# 第八章 应用机器学习于情感分析

自然语言处理（NLP）的一个分支——情感分析

本章主要涵盖下述几个方面
    1. 清洗和准备文本数据
    2. 根据文本数据建立特征向量
    3. 训练机器学习模型来区分正面或负面评论
    4. 用基于外存的学习方法来处理大型文本数据集
    5. 根据文档推断主题进行分类

## 8.1 为文本处理预备好IMDb电影评论数据

情感分析有时也被称为意见挖掘，是NLP广泛领域中的一个分支，着重于分析文档的倾向。

情感分析的一个热门任务是根据作者对特定主题所表达的观点或情感为文档分类。

电影评论数据是由50000个带有倾向性的电影评论组成，每个评论都被标记为正面或负面：
    正面：评论超过6颗星
    负面：评论低于5颗星

### 8.1.1 获取电影评论数据集 

In [1]:
# 可以从python中届亚Gzip压缩的tarball

### 8.1.2 把评论数据预处理成更方便格式的数据 

In [2]:
# 将电影评论读入pandas DataFrame 对象

In [3]:
import pandas as pd
import pyprind
import os

In [4]:
basepath = 'aclImdb_v1/aclImdb'

In [5]:
labels = {'pos': 1, 'neg': 0}

In [6]:
pbar = pyprind.ProgBar(50000) #初始化进度条，定义迭代次数为50000

In [7]:
df = pd.DataFrame()

In [8]:
for s in ('test', 'train'):
    for l in ('pos', 'neg'):
        path = os.path.join(basepath, s, l)
        for file in os.listdir(path):
            with open(os.path.join(path, file), 
                      'r', encoding='utf-8') as infile:
                txt = infile.read()
            df = df.append([[txt, labels[l]]],
                            ignore_index=True)
            pbar.update()
df.columns = ['review', 'sentiment']

0% [############################  ] 100% | ETA: 00:00:10

In [9]:
df[:5]

Unnamed: 0,review,sentiment
0,"Stephen Hawking has one of the greatest minds,...",1
1,This video is a fantastic testament and insigh...,1
2,This movie tells the story of nine ambitious t...,1
3,"This series, while idealized and fictionalized...",1
4,Recovery is an incredibly moving piece of work...,1


In [10]:
# 调用np.random 子模块的permutation函数对DataFrame洗牌 打乱顺序。
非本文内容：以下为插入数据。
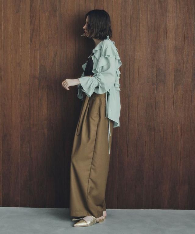 フェミニンなブラウスを合わせたミックススタイルにもおすすめのアイテムです。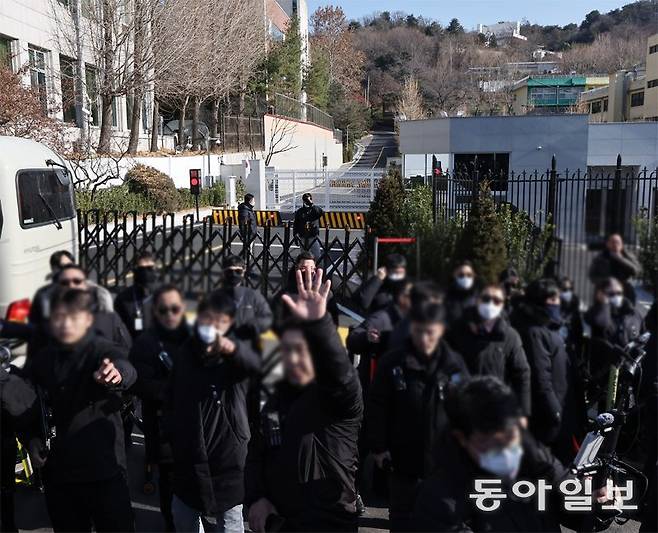 | 긴장감 도는 대통령 관저 앞 2일 오후 서울 용산구 한남동 대통령 관저 입구에서 마스크와 선글라스를 착용한 경찰이 경계 근무를 서는 가운데 한 경찰이 손을 들어 취재진의 사진 촬영을 막고 있다. 이날 관저 앞에서는 윤석열 대통령의 지지자들과 반대 진영의 집회가 함께 열려 양측이 일부 충돌하기도 했다. 양회성 기자 yohan@donga.com |
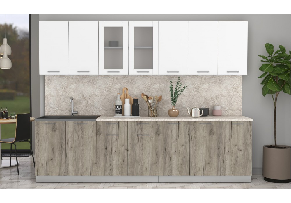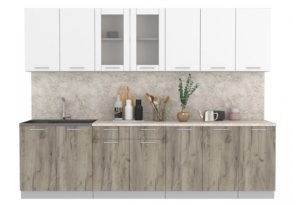 Кухонный гарнитур Мила 2,8 м (Белый Платинум/Дуб серый) фабрика Интерлиния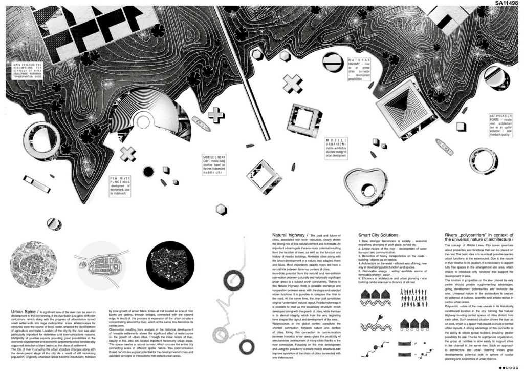 The main advantage is a line connection of city centers, offering great developmental potential. Mobile Linear City can be considered as “supplementing” city. Functions located by the river bank along with functions in the area of watercourse can complement each other or create new spatial advantages. Properties located on the water provide huge arrangement prospects with a possibility to create settlements on the river (thus can be used as a completely independent urban system).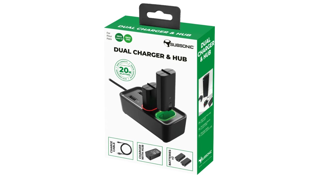 The Subsonic Dual Charger & Hub for Xbox Series X/S is an accessory that allows you to charge two Xbox controllers simultaneously.

并以csv格式保存

In [11]:
import numpy as np

In [12]:
np.random.seed(0)

In [13]:
df = df.reindex(np.random.permutation(df.index))

In [14]:
df.to_csv('movie_data.csv', index=False, encoding='utf-8')

In [15]:
df = pd.read_csv('movie_data.csv', encoding='utf-8')

In [16]:
df.head(3)

Unnamed: 0,review,sentiment
0,Just reading why this show got canceled makes ...,1
1,i love this movie. it focuses on both issues: ...,1
2,Although at one point I thought this was going...,1


In [17]:
df[:3]

Unnamed: 0,review,sentiment
0,Just reading why this show got canceled makes ...,1
1,i love this movie. it focuses on both issues: ...,1
2,Although at one point I thought this was going...,1


## 8.2 词袋模型介绍

## 8.2.1 把词转换为特征向量

In [18]:
# scikit-learn 实现的CountVectorizer

In [19]:
import numpy as np

In [20]:
from sklearn.feature_extraction.text import CountVectorizer

In [21]:
count = CountVectorizer()

In [22]:
docs = np.array([
        'The sun is shining',
        'The weather is sweet',
        'The sun is shining, the weather is sweet, and one and one is two'
])

In [23]:
bag = count.fit_transform(docs)

In [24]:
print(count.vocabulary_)

{'the': 6, 'sun': 4, 'is': 1, 'shining': 3, 'weather': 8, 'sweet': 5, 'and': 0, 'one': 2, 'two': 7}


In [25]:
print(bag.toarray())

[[0 1 0 1 1 0 1 0 0]
 [0 1 0 0 0 1 1 0 1]
 [2 3 2 1 1 1 2 1 1]]


## 8.2.2 通过词频逆反文档频率评估单词相关性 

In [26]:
# scikit-learn 实现TfidTransformer类 以原始词频为输入，转换为tf-idfs

In [27]:
from sklearn.feature_extraction.text import TfidfTransformer

In [28]:
tfidf = TfidfTransformer(use_idf=True,
                         norm='l2',
                         smooth_idf=True)
# l2归一化 返回长度为1的向量

In [29]:
np.set_printoptions(precision=2)

In [30]:
print(tfidf.fit_transform(count.fit_transform(docs)).toarray())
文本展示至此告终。